■ Task details ■
Your answer should be the lines below from the one with "Vraatbeeld achter met" to the one with "Dobbelttårn med glidestænger", both included, given again exactly and with nothing added.

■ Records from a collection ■
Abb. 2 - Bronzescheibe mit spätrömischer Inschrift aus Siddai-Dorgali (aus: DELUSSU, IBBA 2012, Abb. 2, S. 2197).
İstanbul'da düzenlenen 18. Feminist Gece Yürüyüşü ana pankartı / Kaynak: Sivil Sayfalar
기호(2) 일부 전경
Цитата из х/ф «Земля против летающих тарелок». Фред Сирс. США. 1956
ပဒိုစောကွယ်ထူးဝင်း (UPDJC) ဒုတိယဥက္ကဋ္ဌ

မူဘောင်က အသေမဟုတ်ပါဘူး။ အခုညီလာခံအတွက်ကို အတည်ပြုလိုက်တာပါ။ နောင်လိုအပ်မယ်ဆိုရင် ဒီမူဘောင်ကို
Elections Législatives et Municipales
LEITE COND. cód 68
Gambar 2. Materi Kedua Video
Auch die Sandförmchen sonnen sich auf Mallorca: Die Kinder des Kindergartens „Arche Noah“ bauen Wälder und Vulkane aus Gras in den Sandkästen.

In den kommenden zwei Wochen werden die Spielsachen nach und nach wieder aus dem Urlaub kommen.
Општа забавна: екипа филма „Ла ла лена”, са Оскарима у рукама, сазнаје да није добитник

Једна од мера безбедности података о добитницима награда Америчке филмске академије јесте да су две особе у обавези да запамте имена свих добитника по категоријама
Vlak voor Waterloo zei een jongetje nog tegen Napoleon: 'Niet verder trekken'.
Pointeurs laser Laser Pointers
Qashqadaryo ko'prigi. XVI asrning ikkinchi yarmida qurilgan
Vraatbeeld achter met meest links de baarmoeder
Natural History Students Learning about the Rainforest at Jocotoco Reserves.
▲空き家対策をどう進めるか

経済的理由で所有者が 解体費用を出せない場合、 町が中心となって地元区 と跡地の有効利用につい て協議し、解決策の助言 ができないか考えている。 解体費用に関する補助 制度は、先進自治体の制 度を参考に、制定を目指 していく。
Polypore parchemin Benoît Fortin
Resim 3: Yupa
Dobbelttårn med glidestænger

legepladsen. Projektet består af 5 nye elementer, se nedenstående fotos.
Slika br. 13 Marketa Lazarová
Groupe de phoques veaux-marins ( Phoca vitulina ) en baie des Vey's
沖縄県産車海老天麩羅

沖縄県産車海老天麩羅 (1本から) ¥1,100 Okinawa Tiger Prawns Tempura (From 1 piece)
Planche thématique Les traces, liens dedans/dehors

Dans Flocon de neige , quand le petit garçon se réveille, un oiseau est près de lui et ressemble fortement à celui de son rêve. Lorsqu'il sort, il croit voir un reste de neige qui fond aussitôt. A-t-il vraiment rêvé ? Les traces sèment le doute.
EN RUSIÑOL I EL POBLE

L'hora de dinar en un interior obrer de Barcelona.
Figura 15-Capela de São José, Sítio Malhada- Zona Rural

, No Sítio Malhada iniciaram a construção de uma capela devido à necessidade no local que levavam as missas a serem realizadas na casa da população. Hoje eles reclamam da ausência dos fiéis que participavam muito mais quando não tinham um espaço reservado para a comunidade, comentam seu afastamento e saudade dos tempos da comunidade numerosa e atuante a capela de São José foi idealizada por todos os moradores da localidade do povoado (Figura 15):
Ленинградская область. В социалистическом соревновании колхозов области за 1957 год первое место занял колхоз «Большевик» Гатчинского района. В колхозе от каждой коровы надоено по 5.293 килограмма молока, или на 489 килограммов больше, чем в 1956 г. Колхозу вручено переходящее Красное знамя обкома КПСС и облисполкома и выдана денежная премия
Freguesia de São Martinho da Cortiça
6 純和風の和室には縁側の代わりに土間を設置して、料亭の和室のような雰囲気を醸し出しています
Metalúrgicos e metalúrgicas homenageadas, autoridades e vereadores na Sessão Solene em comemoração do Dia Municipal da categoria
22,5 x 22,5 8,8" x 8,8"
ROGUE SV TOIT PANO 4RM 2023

■ Completed exercise ■
Vraatbeeld achter met meest links de baarmoeder
Natural History Students Learning about the Rainforest at Jocotoco Reserves.
▲空き家対策をどう進めるか

経済的理由で所有者が 解体費用を出せない場合、 町が中心となって地元区 と跡地の有効利用につい て協議し、解決策の助言 ができないか考えている。 解体費用に関する補助 制度は、先進自治体の制 度を参考に、制定を目指 していく。
Polypore parchemin Benoît Fortin
Resim 3: Yupa
Dobbelttårn med glidestænger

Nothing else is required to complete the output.